🤖 AI Summary
To address low answer diversity, weak relevance, and insufficient evidence faithfulness in large-scale dynamic web question answering, this paper proposes a clustering-enhanced Retrieval-Augmented Generation (RAG) framework. Methodologically, it integrates hybrid retrieval combining BM25 and Dense Passage Retrieval (DPR), applies K-Means semantic clustering to denoise retrieved evidence, designs cluster-level prompt generation and multi-stage answer synthesis for knowledge-complementary reasoning, and refines context quality via rule-based filtering and cross-encoder re-ranking. The key contributions are the first introduction of semantic clustering–driven context filtering and cluster-specific prompt aggregation. Evaluated on the FineWeb Sample-10BT benchmark, the framework achieves 2nd place in faithfulness and 7th in correctness on the official leaderboard, demonstrating its effectiveness and robustness over ultra-large-scale corpora.
📝 Abstract
We present TopClustRAG, a retrieval-augmented generation (RAG) system developed for the LiveRAG Challenge, which evaluates end-to-end question answering over large-scale web corpora.
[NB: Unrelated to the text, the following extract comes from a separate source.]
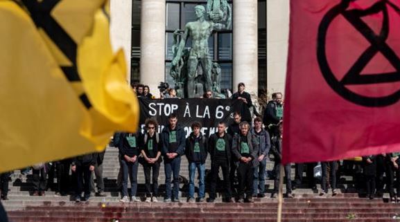 Figure 3 – Des membres d’Extinction Rebellion versent du faux sang sur les marches du Trocadéro à Paris – Source : France Info

Our system employs a hybrid retrieval strategy combining sparse and dense indices, followed by K-Means clustering to group semantically similar passages. Representative passages from each cluster are used to construct cluster-specific prompts for a large language model (LLM), generating intermediate answers that are filtered, reranked, and finally synthesized into a single, comprehensive response. This multi-stage pipeline enhances answer diversity, relevance, and faithfulness to retrieved evidence. Evaluated on the FineWeb Sample-10BT dataset, TopClustRAG ranked 2nd in faithfulness and 7th in correctness on the official leaderboard, demonstrating the effectiveness of clustering-based context filtering and prompt aggregation in large-scale RAG systems.